Insight
The EU should remove tariffs on environmental goods by Sam Lowe and John Springford, 27 January 2022
Multilateral negotiations over free trade in environmental goods collapsed in 2014. The EU should try again – and reduce tariffs unilaterally if talks fail. The European economy must rapidly decarbonise to meet its climate goals and contribute to the global efforts to combat climate change. This means raising energy efficiency, shifting away from fossil-fuel intensive power generation, electrifying transport systems and deploying new technology such as hydrogen and carbon capture and storage.

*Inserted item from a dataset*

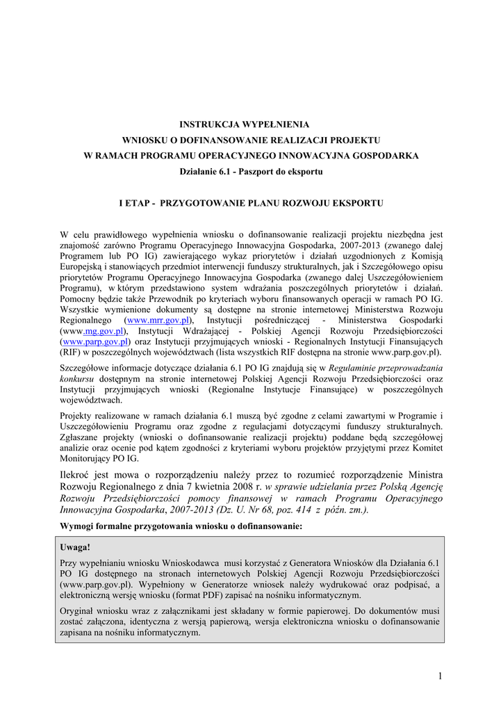 INSTRUKCJA WYPEŁNIENIA WNIOSKU O DOFINANSOWANIE REALIZACJI PROJEKTU W RAMACH PROGRAMU OPERACYJNEGO INNOWACYJNA GOSPODARKA Działanie 6.1 - Paszport do eksportu I ETAP - PRZYGOTOWANIE PLANU ROZWOJU EKSPORTU W celu prawidłowego wypełnienia wniosku o dofinansowanie realizacji projektu niezbędna jest znajomość zarówno Programu Operacyjnego Innowacyjna Gospodarka, 2007-2013 (zwanego dalej Programem lub PO IG) zawierającego wykaz priorytetów i działań uzgodnionych z Komisją Europejską i stanowiących przedmiot interwencji funduszy strukturalnych, jak i Szczegółowego opisu priorytetów Programu Operacyjnego Innowacyjna Gospodarka (zwanego dalej Uszczegółowieniem Programu), w którym przedstawiono system wdrażania poszczególnych priorytetów i działań. Pomocny będzie także Przewodnik po kryteriach wyboru finansowanych operacji w ramach PO IG. Wszystkie wymienione dokumenty są dostępne na stronie internetowej Ministerstwa Rozwoju Regionalnego (www.mrr.gov.pl), Instytucji pośredniczącej - Ministerstwa Gospodarki (www.mg.gov.pl), Instytucji Wdrażającej - Polskiej Agencji Rozwoju Przedsiębiorczości (www.parp.gov.pl) oraz Instytucji przyjmujących wnioski - Regionalnych Instytucji Finansujących (RIF) w poszczególnych województwach (lista wszystkich RIF dostępna na stronie www.parp.gov.pl). Szczegółowe informacje dotyczące działania 6.1 PO IG znajdują się w Regulaminie przeprowadzania konkursu dostępnym na stronie internetowej Polskiej Agencji Rozwoju Przedsiębiorczości oraz Instytucji przyjmujących wnioski (Regionalne Instytucje Finansujące) w poszczególnych województwach. Projekty realizowane w ramach działania 6.1 muszą być zgodne z celami zawartymi w Programie i Uszczegółowieniu Programu oraz zgodne z regulacjami dotyczącymi funduszy strukturalnych. Zgłaszane projekty (wnioski o dofinansowanie realizacji projektu) poddane będą szczegółowej analizie oraz ocenie pod kątem zgodności z kryteriami wyboru projektów przyjętymi przez Komitet Monitorujący PO IG. Ilekroć jest mowa o rozporządzeniu należy przez to rozumieć rozporządzenie Ministra Rozwoju Regionalnego z dnia 7 kwietnia 2008 r. w sprawie udzielania przez Polską Agencję Rozwoju Przedsiębiorczości pomocy finansowej w ramach Programu Operacyjnego Innowacyjna Gospodarka, 2007-2013 (Dz. U. Nr 68, poz. 414 z późn. zm.). Wymogi formalne przygotowania wniosku o dofinansowanie: Uwaga! Przy wypełnianiu wniosku Wnioskodawca musi korzystać z Generatora Wniosków dla Działania 6.1 PO IG dostępnego na stronach internetowych Polskiej Agencji Rozwoju Przedsiębiorczości (www.parp.gov.pl). Wypełniony w Generatorze wniosek należy wydrukować oraz podpisać, a elektroniczną wersję wniosku (format PDF) zapisać na nośniku informatycznym. Oryginał wniosku wraz z załącznikami jest składany w formie papierowej. Do dokumentów musi zostać załączona, identyczna z wersją papierową, wersja elektroniczna wniosku o dofinansowanie zapisana na nośniku informatycznym. 1 1) Wniosek powinien zawierać informacje umożliwiające dokonanie pełnej oceny pozwalającej na udzielenie wsparcia. 2) Należy zastosować właściwy dla Działania 6.1 formularz wniosku udostępniony na stronie internetowej PARP i Instytucji przyjmującej wnioski (RIF). 3) Wniosek powinien być kompletny, zawierać wszystkie ponumerowane strony; wniosek powinien być trwale spięty. 4) Wszystkie wymagane pola wniosku muszą być wypełnione zgodnie z niniejszą instrukcją, w tym podane wszystkie wymagane dane oraz informacje lub adnotacje „nie dotyczy”. Pola wyboru oznaczone kwadratami należy zaznaczyć poprzez wstawienie znaku „X”. 5) Wniosek powinien zostać złożony we właściwej formie (wersja papierowa – wydruk z Generatora Wniosków dla Działania 6.1 oraz wersja elektroniczna). 6) Wersja papierowa i elektroniczna wniosku muszą być tożsame (posiadać ten sam numer identyfikatora). 7) Wniosek powinien zostać wypełniony w formie druku w języku polskim. 8) Wniosek powinien zawierać poprawne wyliczenia arytmetyczne. 9) Wniosek powinien zostać podpisany przez Wnioskodawcę lub osobę upoważnioną do reprezentowania Wnioskodawcy (pełnomocnika) oraz opatrzony pieczątką imienną osoby podpisującej wniosek. W przypadku braku pieczątki imiennej dopuszcza się złożenie czytelnego podpisu oraz pieczątki firmowej wnioskodawcy. 10) Kwota wnioskowanego dofinansowania oraz odpowiednio całkowite wydatki na realizację projektu podane we wniosku o dofinansowanie powinny być spójne – należy sprawdzić zgodność danych w korespondujących rubrykach wniosku. 11) Załączniki w formie kopii muszą być potwierdzone za zgodność z oryginałem przez Wnioskodawcę lub osobę/osoby upoważnione do reprezentowania Wnioskodawcy na każdej stronie dokumentu (Przez kopię potwierdzoną za zgodność z oryginałem należy rozumieć kopię dokumentu zawierającego klauzulę za zgodność z oryginałem umieszczoną na każdej stronie dokumentu wraz z czytelnym podpisem osoby uprawnionej do reprezentacji, lub kopię dokumentu zawierająca na pierwszej stronie dokumentu klauzulę za zgodność z oryginałem od strony ... do strony... oraz czytelny podpis osoby uprawnionej do reprezentacji, a także parafowanie każdej strony dokumentu). Uwaga! W okresie realizacji działania 6.1 możliwe jest jednokrotne uzyskanie dofinansowania na przygotowanie Planu rozwoju eksportu. Uwaga! Rubryki opisowe wniosku o dofinansowanie muszą uwzględniać wszystkie wymagane w danym punkcie informacje wskazane w niniejszej instrukcji. Brak niektórych informacji może prowadzić do negatywnej oceny w odniesieniu do odpowiedniego kryterium merytorycznego. Uwaga! Nie można dokonywać zmian we wzorze wniosku, w tym nie można wklejać dodatkowych tabel ani rysunków. Pierwsze dwie rubryki wniosku Data wpływu wniosku o dofinansowanie oraz Numer wniosku o dofinansowanie są wypełniane przez instytucję przyjmującą wniosek

But ensuring that companies and consumers can readily and cheaply access environmental goods – goods intended to help protect the environment and better manage natural resources, such as batteries, electric motors and heat pumps – should also be an EU priority, regardless of where the goods come from. The need to decarbonise quickly can clash with other strategic priorities. The EU aims to develop innovative green companies, protect them from foreign competition, at least initially, and level the playing field by offsetting foreign governments’ support for their own green businesses. Increasingly, EU leaders also want to reduce reliance on some imports, such as batteries, and make it harder for China to expand its global market share in some goods, such as high-speed trains. Balancing these competing objectives is tricky. However, climate change is an emergency: reducing the cost of green goods for EU consumers would lead to faster cuts to emissions. The EU charges a tariff of zero on imports of solar panels (unless subject to anti-dumping duties), and free trade has contributed to the rapid fall in their price. Removing tariffs on environmental goods, preferably multilaterally, should be higher up the EU’s trade agenda. The EU imposes tariffs on a number of environmental goods such as a 2.2 per cent tariff on heat pumps and a 2.7 per cent tariff on wind turbine rotors (these products are also often subject to additional antidumping duties, whereby the EU imposes higher tariffs on imports from particular countries that are priced below fair market value). A 10 per cent tariff is levied on electric vehicles. And overall, the average trade-weighted tariff the EU applies to environmental goods is 1 per cent – that is the average tariff adjusted for how much trade there is in each good, so a high-tariff but little-traded good does not skew the figure (Chart 1).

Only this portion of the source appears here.